Furthermore, UTA has agreed to end packaging in two years’ time on the condition that at least one other major agency agrees to do the same.

The WGA said in the interim period packaging would only be permitted with the informed consent of the writer.

Packaging has become in recent years a key part of agency business and fees earned from the practice has been a bone of contention between the WGA and the agencies.

Wednesday’s development (15) comes after months of back channel talks after UTA co-president Jay Sures contacted the Guild.

For the agency, the deal means it can bring its WGA-affiliated writer clients back into the fold after the Guild instructed members to fire their Hollywood agents. The agency will continue to safeguard the confidential information of its clients.

UTA will keep its role in its existing production entities and cap its minority profit participation and not launch any majority-owned production studio, which Sures said in a letter to writer clients were “steps we did not ever intend to take.”

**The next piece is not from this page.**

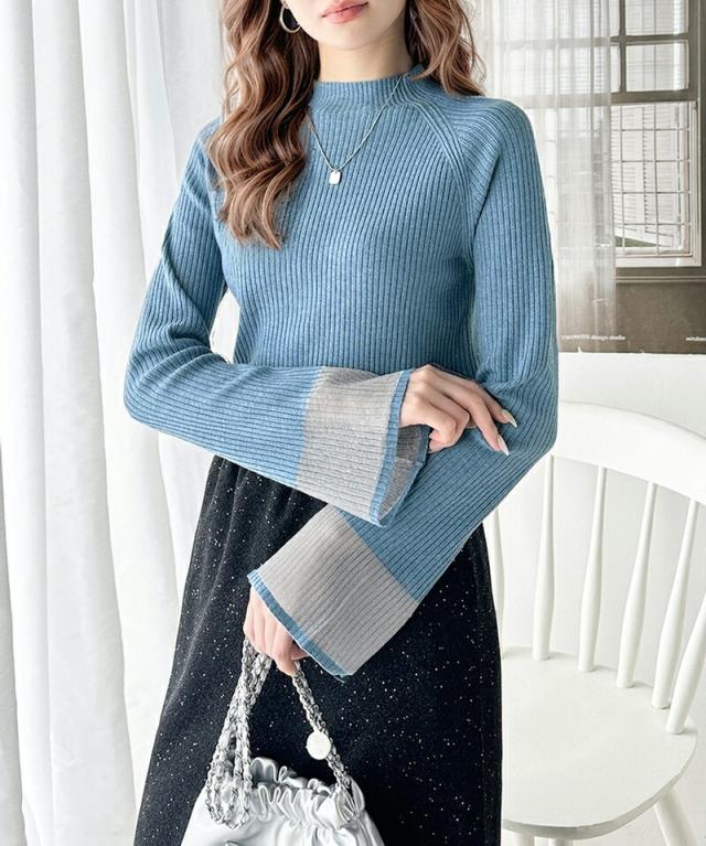 クラシカルエルフ冬新作 トップス ニット レディース 袖ロ シャイニー シアー 素材 リブニッ ト プルオーバー ラグランスリーブ フレア スリーブ ロングシーズン 着回し 大きいサイズ 2024ss ce1020154

The WGA agency negotiating committee told members on Wednesday, “Our goal remains to move the negotiation process forward with the remaining unsigned agencies.”

The full letter from UTA’s Sures appears below.

Dear UTA Writer Family,

At a time when good news is in demand, we have some. Today, UTA and the WGA have reached an agreement that resolves the dispute that has separated writers and agents for more than a year.

In this time of instability and uncertainty in our industry and world, we could not be more pleased to put this issue behind us and for our writer clients and agents to reunite as natural allies and partners.

Not long ago, UTA reached out to the WGA leadership, as we have done numerous times throughout this dispute, and made another effort to resolve this issue in good faith and through compromise. After many long discussions and significant work by both sides, we’ve successfully found middle ground that sets asides our core differences.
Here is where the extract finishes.